[[ SUPPLIED MATERIAL, beginning ]]

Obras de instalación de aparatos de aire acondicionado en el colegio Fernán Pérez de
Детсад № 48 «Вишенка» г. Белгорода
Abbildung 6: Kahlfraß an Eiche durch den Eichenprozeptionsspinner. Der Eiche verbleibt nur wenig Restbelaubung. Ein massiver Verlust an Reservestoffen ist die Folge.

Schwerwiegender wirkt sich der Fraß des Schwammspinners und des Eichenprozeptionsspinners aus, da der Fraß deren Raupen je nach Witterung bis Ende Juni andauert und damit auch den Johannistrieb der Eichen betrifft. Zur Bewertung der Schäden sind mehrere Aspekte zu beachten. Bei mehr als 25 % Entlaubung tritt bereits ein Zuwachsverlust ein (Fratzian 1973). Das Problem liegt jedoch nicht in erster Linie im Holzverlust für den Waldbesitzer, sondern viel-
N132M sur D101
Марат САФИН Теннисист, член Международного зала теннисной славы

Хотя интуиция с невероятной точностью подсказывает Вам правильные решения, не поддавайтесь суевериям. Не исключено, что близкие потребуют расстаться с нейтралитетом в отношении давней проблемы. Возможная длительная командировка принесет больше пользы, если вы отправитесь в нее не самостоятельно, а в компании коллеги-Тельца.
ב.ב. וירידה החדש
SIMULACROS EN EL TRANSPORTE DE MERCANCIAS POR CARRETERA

[[ SUPPLIED MATERIAL, end ]]
[[ SUPPLIED MATERIAL, beginning ]]

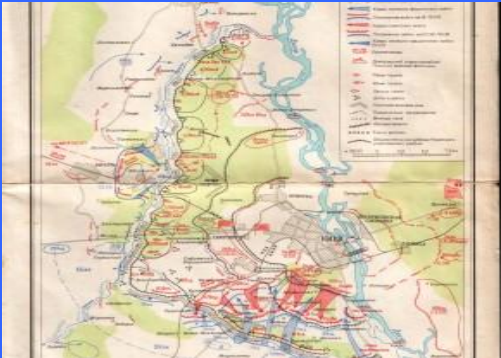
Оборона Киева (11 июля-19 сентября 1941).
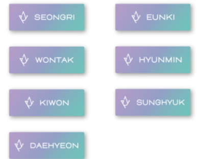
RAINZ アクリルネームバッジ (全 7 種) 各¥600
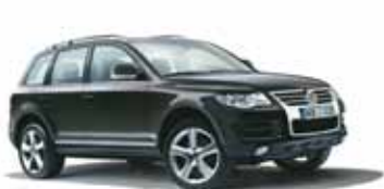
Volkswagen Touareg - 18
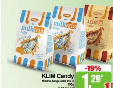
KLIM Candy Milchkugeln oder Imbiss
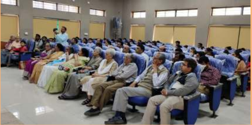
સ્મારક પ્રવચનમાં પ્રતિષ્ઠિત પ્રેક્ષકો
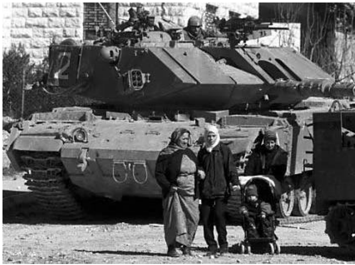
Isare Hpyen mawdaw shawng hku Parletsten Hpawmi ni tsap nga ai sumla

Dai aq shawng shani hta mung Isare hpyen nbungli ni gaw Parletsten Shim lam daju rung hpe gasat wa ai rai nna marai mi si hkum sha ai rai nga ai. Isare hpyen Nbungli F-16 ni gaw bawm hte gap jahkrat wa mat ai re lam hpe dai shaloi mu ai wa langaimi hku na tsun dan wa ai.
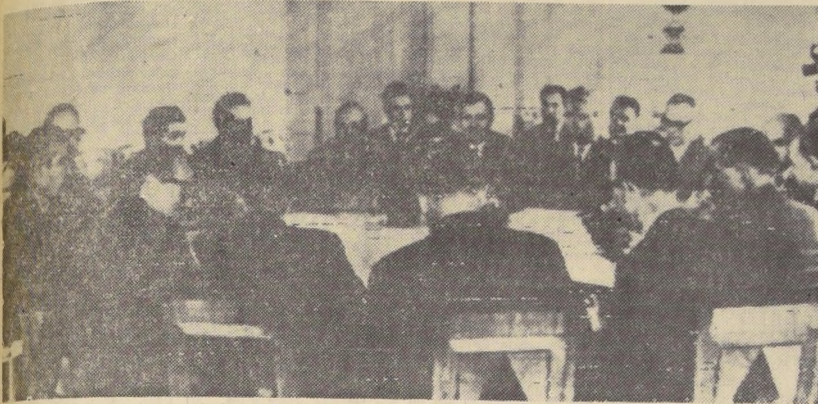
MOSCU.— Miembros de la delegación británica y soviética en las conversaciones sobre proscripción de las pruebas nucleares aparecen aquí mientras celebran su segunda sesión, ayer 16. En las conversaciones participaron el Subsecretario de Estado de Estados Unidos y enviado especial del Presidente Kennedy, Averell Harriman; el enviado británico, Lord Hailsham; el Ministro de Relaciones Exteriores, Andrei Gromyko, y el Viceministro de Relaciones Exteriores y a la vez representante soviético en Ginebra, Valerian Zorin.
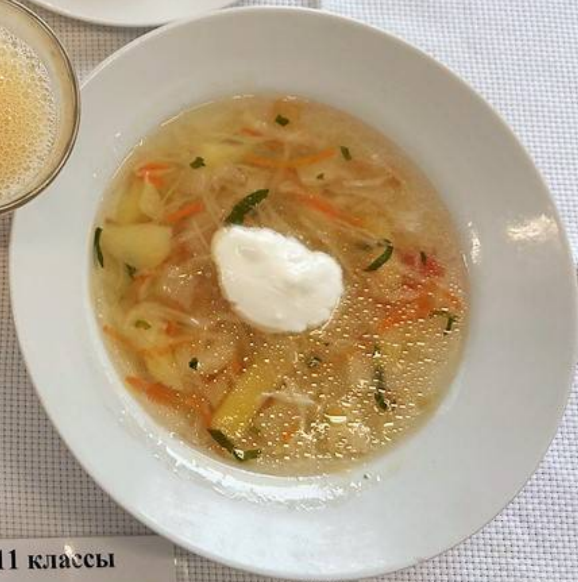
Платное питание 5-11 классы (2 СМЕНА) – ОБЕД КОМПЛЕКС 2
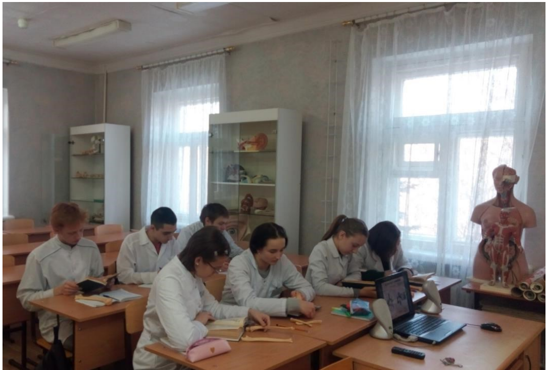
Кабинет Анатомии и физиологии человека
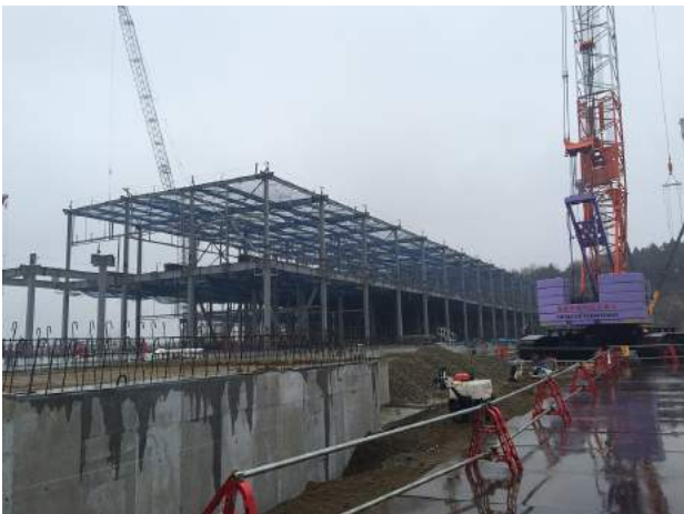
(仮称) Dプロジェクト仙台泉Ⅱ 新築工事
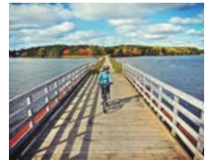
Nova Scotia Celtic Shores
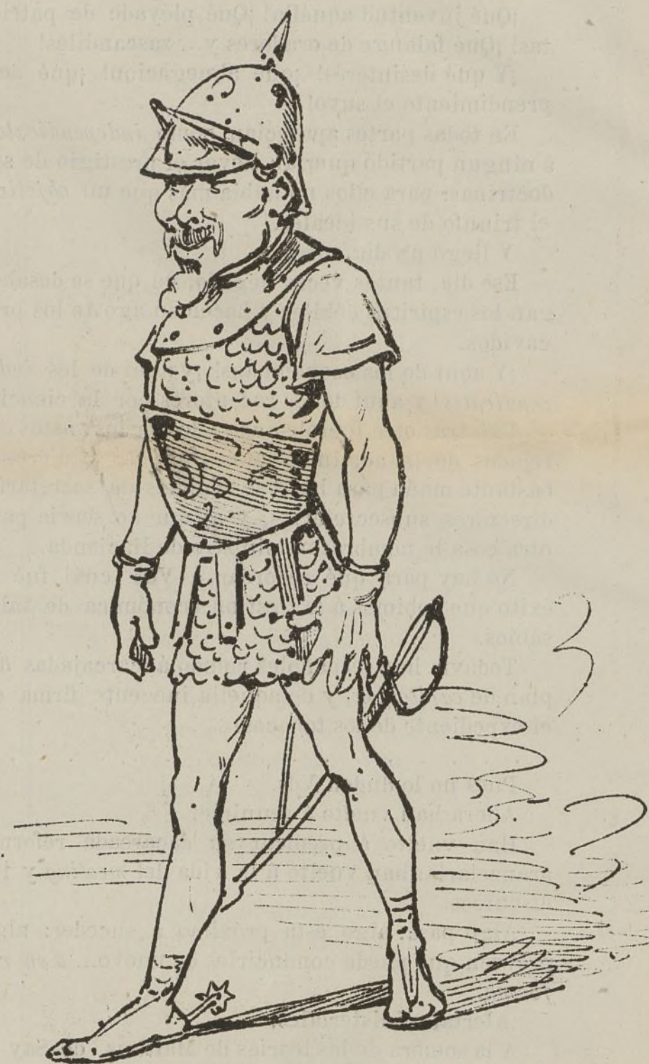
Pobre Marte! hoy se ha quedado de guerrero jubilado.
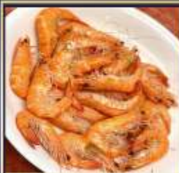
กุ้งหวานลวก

[[ SUPPLIED MATERIAL, end ]]
[[ SUPPLIED MATERIAL, beginning ]]

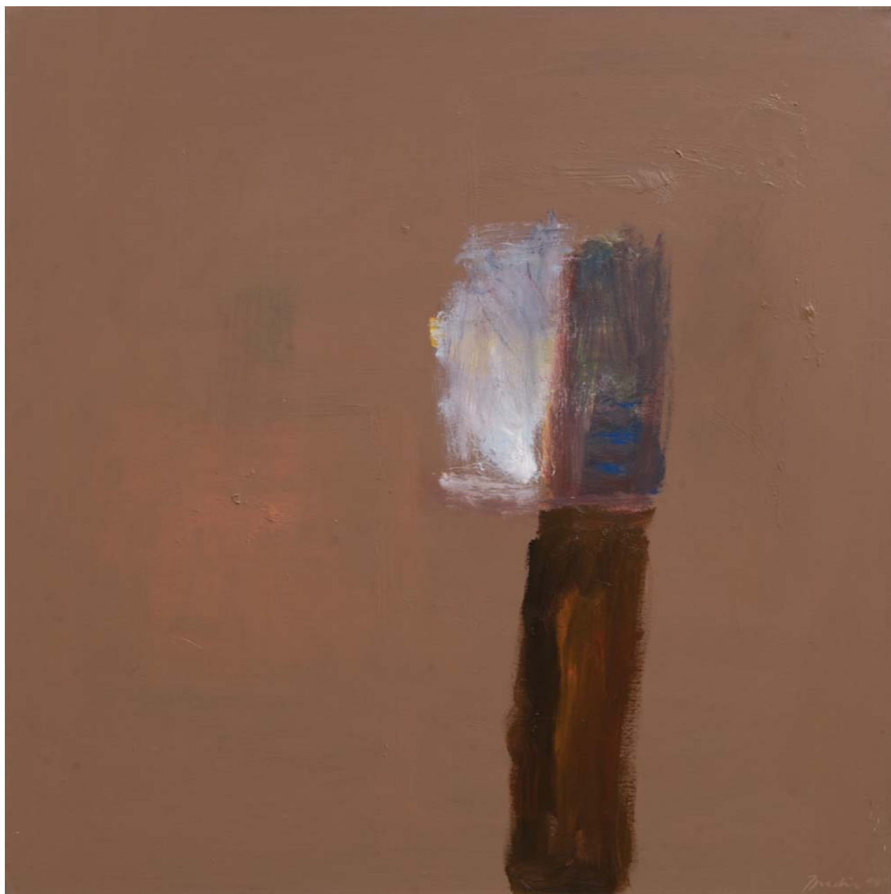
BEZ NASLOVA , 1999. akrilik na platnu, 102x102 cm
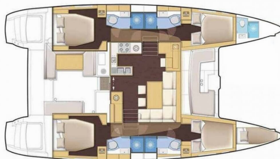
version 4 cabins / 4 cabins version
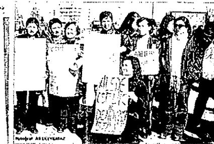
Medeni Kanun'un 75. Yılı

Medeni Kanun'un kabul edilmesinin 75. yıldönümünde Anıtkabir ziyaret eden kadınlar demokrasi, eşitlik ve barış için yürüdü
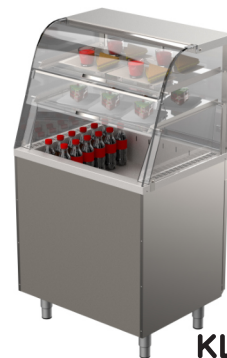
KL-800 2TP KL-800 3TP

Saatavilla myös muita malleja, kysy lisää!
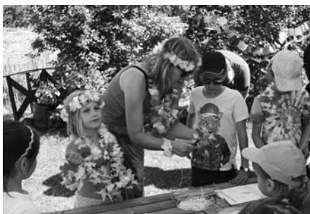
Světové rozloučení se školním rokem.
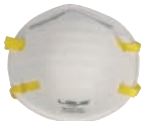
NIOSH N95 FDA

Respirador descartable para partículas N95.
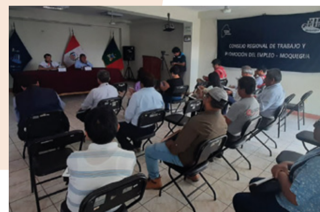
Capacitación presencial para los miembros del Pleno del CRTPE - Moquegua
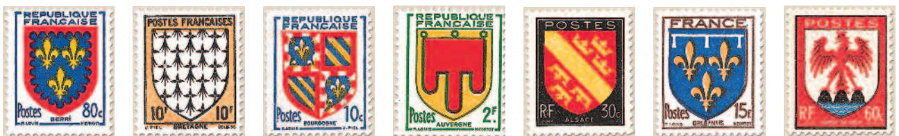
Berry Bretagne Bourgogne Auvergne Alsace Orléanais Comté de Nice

[[ SUPPLIED MATERIAL, end ]]

Restate word for word every line from the one with "KL-800 2TP KL-800 3TP" up to and including the one with "Berry Bretagne Bourgogne" in the records above, minus the pictures.

• [WRITTEN SOLUTION]:
KL-800 2TP KL-800 3TP

Saatavilla myös muita malleja, kysy lisää!
Světové rozloučení se školním rokem.
NIOSH N95 FDA

Respirador descartable para partículas N95.
Capacitación presencial para los miembros del Pleno del CRTPE - Moquegua
Berry Bretagne Bourgogne Auvergne Alsace Orléanais Comté de Nice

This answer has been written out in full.